Michael Komape’s mother carried her other child on her back and rushed to the primary school as soon as the team was called. Her son had gone missing, teachers said.
The five-year-old was nowhere to be found, until a small school student made an unexpected statement.
Michael had fallen in the toilet, said the little boy. While searching where the boy had pointed, the teachers saw Michael’s dead hand visible in the pit of human waste under the broken toilets.
“I then said my child died asking for help,” Michael’s mother told a trial for damages three years later.
The death of Michael Komape in 2014 in a school pit latrine near Polokwane, in the Limpopo province, shocked South Africa.
Because thousands of schools still had such dangerous toilets more than twenty years after the end of apartheid, it became another symbol of inequality in a country full of diversity.
Consisting of a toilet seat placed over a hole in the ground, some pit toilets are well built and meet new standards, but many are not and are dangerous and unsanitary.
South Africa’s ruling African National Congress (ANC) party has vowed to change the worst of them by 2016.
Instead, ten years after Michael’s death and with the target date long gone, more than 3,932 schools – or 17 per cent – still have unacceptable pit toilets, according to human rights campaign groups that track the issue.
Some of these schools have a mix of acceptable and unacceptable toilets, but 728 schools have nothing but those that should be banned and replaced with new ones.
Such toilets are often ramshackle efforts made by the local community. They are dirty, unsafe and the youngest children are at risk of falling in. They can be so bad that children prefer to leave school and relieve themselves outside in a woodland or bush.

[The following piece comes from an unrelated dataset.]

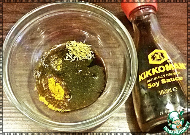 В емкости соединить соевый соут ТМ Kikkoman и все специи. Хорошо перемешать.
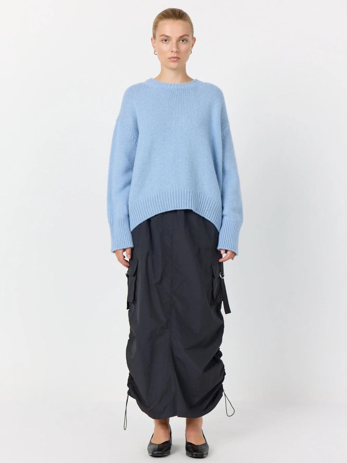 Flot strik i en dejlig blød kvalitet fra Leveté Room. Strikken har et oversize fit, rund halsudskæring og ribkanter ved hals, ærmer og i bunden af blusen.Materiale: 90% Merinould, 10% Cashmere

“There is a risk to life, but these toilets are often in a disgraceful state,” says Motheo Brodie, a solicitor candidate with the Section 27 campaign group.
“They are completely unsanitary and a threat to the health of the learners. In some cases, these toilets are so broken that they have no doors at all.”

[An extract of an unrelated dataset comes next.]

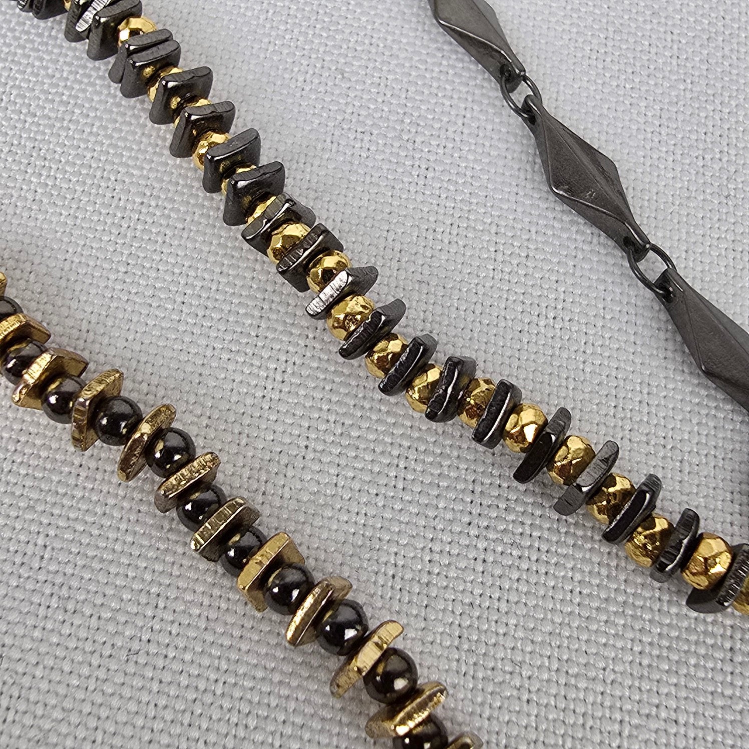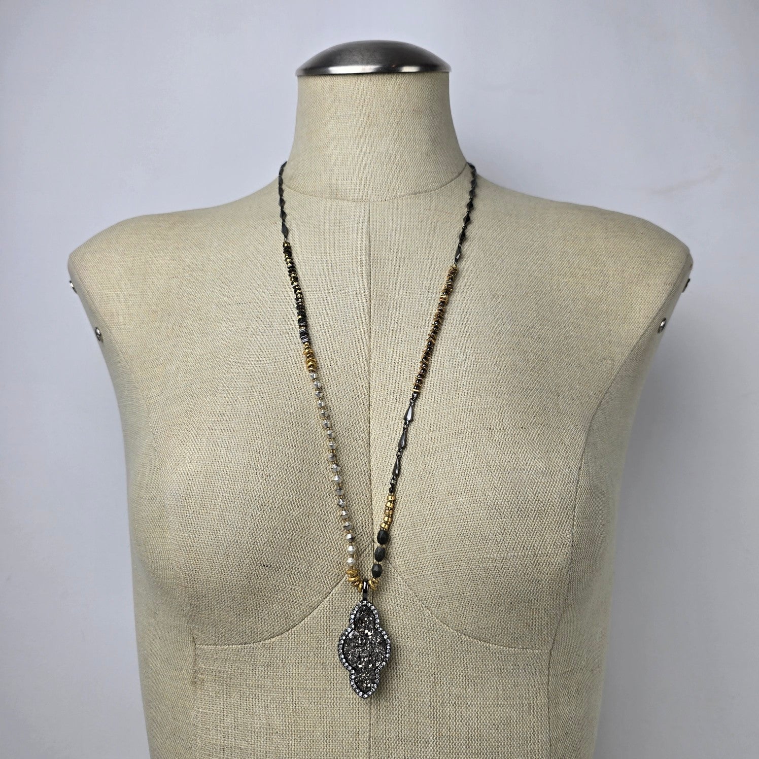 Stella & Dot Relic Hematite & Gold Long Pendant Necklace

Such toilets in schools in big towns and rural areas are a powerful example not only of inequality, but of the government’s failure to tackle it.

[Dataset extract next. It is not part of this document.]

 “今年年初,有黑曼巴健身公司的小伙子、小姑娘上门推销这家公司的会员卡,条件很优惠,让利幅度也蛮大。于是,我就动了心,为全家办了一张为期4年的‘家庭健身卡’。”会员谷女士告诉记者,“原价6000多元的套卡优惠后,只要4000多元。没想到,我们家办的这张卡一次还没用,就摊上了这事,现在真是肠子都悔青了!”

South Africa is the most unequal country in the world according to the rankings of a statistical measure known as the Gini coefficient, which assesses how income is distributed across the population.
The haves have many, the middle class is relatively small, and there are very few. Around 18 million people in South Africa survive on less than £1.50 a day. Unemployment is rising by 30 percent.
Campaigners say the problem is shaped by the country’s history, but not helped by the current government.
The most deprived areas in 2024 were also deprived under apartheid.
But the ANC is also to blame. For 30 years in power, the party has been accused of failing to make changes; being held back by his own lack of will, mismanagement and corruption.
As voters go to the polls in May to elect the government, the failure of the ANC to alleviate such inequality and even provide basic services will be high on the minds of many poor voters.
“The fact that pit latrines still exist is a huge reflection of inequality in South Africa,” says Amnesty International’s Cassandra Dorasamy.
“It is difficult not to say that it is a lack of political will on the part of the government, and at the same time to admit that these problems have deep roots in the legacy system of apartheid.
“But if you look at how budgets are being cut, or underspending, there are post-apartheid delays in delivery.”
Mr Brodie said central government had provided money to replace dangerous pit toilets, but local government dysfunction meant it was not spent.
He said: “They’ve had 30 years and certainly more could be done.
“Education is one of the most highly funded sectors in the country. Money has been allocated to eradicate pit latrines, but we see underspending by education departments. Lack of resources cannot be blamed for more progress being made.
“It’s really a lack of political will, given that this is such a timely issue.”
Litigation under Section 27, a public interest law center based in Johannesburg, forced Limpopo province, where Michael Komape died, to set targets for the removal of pit latrines. The province has reduced the number of schools using unacceptable toilets, but missed another deadline last year to remove them completely.
Other provinces are moving more slowly to remove them.
For the past month President Cyril Ramaphosa has been praising the achievements of the ANC over the past 30 years, ahead of the poll on 29 May.
Political commentators widely predict that he faces an uphill struggle as the country faces its most important election in decades.
The party is expected to lose a clear majority for the first time since being voted in due to a grudge against the ANC, with rolling power cuts, crumbling infrastructure, an anemic economy, lack of services, and persistent corruption.
If the party fails to take 50 percent of the vote, it will end its three-decade run of total dominance and usher in a new, uncertain era of coalition politics.
Convincing poor voters that the ANC has worked for their benefit and made improvements over the past 30 years will be key to the party’s electoral strategy.
However, the country’s school pit latrines are just one example of where they have not achieved much.